Natürlich sind die geteilt


----------



## Bike_fuhrpark (16. Februar 2013)

Ein paar aus Pom wären interessant.


----------



## NOS-Trial (16. Februar 2013)

ingoingo schrieb:


> und verbiegen sich nicht durch integrierte Abstützflächen.




dann hat mich der Satz hier etwas verwundert, in dem Zusammenhang


----------



## Toolkid (16. Februar 2013)

ingoingo schrieb:


> ...
> Sie klemmen die Kolben ohne Kunststoffringe...


und wie kann man die Kolben dann ausrichten?


----------



## NOS-Trial (16. Februar 2013)

Toolkid schrieb:


> und wie kann man die Kolben dann ausrichten?

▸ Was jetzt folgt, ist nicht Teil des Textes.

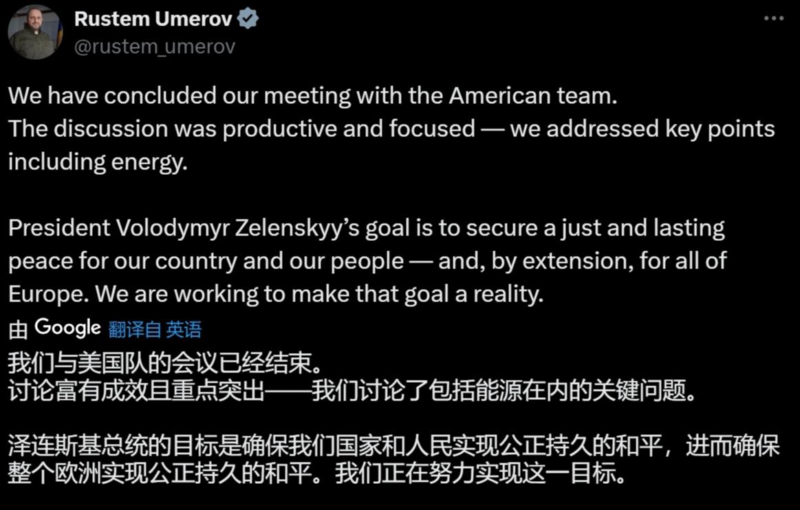 会谈结束后,此次率领乌方代表团的乌克兰国防部长鲁斯特姆· 乌梅罗夫 (Rustem Umerov) 在社交媒体 X 上发文称与美方的讨论“ 富有成效且重点突出”,并表示双方讨论了包括能源在内的关键问题,他还称“ 泽连斯基总统的目标是确保我们国家和人民实现公正持久的和平,进而确保整个欧洲实现公正持久的和平。我们正在努力实现这一目标。”

Kolben bzw. der Belag ist parallel zur Schelle... Beläge stehen immer senkrecht zur Flanke. Geht ohne Probleme.
Funktioniert sogar weitaus besser wie die Schellen mit Kunststoffring 



> Ein paar aus Pom wären interessant.


mal schaun was sich dieses Jahr noch machen lässt


----------



## ingoingo (16. Februar 2013)

NOS-Trial schrieb:


> Kolben bzw. der Belag ist parallel zur Schelle... Beläge stehen immer senkrecht zur Flanke. Geht ohne Probleme.
> Funktioniert sogar weitaus besser wie die Schellen mit Kunststoffring



Genau, 

Im Zweifelsfall mit einer Flachfeile die 4 Punktaufnahme planen 

Viele Grüße

Ingo


----------



## erwinosius (16. Februar 2013)

Also ich wäre interessiert. Sind die dann aus einem Teil? Habe bisher die TNN, aber die sind mittlerweile sehr ausgeleiert...
Wenn es preislich hinhaut nehm ich einen Satz.

Gruß
erwin


----------



## To-bi-bo (16. Februar 2013)

Selbstgebaut klingt interessant. Prinzipiell ist Interesse da!


----------



## echo trialer (16. Februar 2013)

Klingt super  Hätte auch Interesse an einem Paar !


----------



## MTB-News.de




----------



## ingoingo (17. Februar 2013)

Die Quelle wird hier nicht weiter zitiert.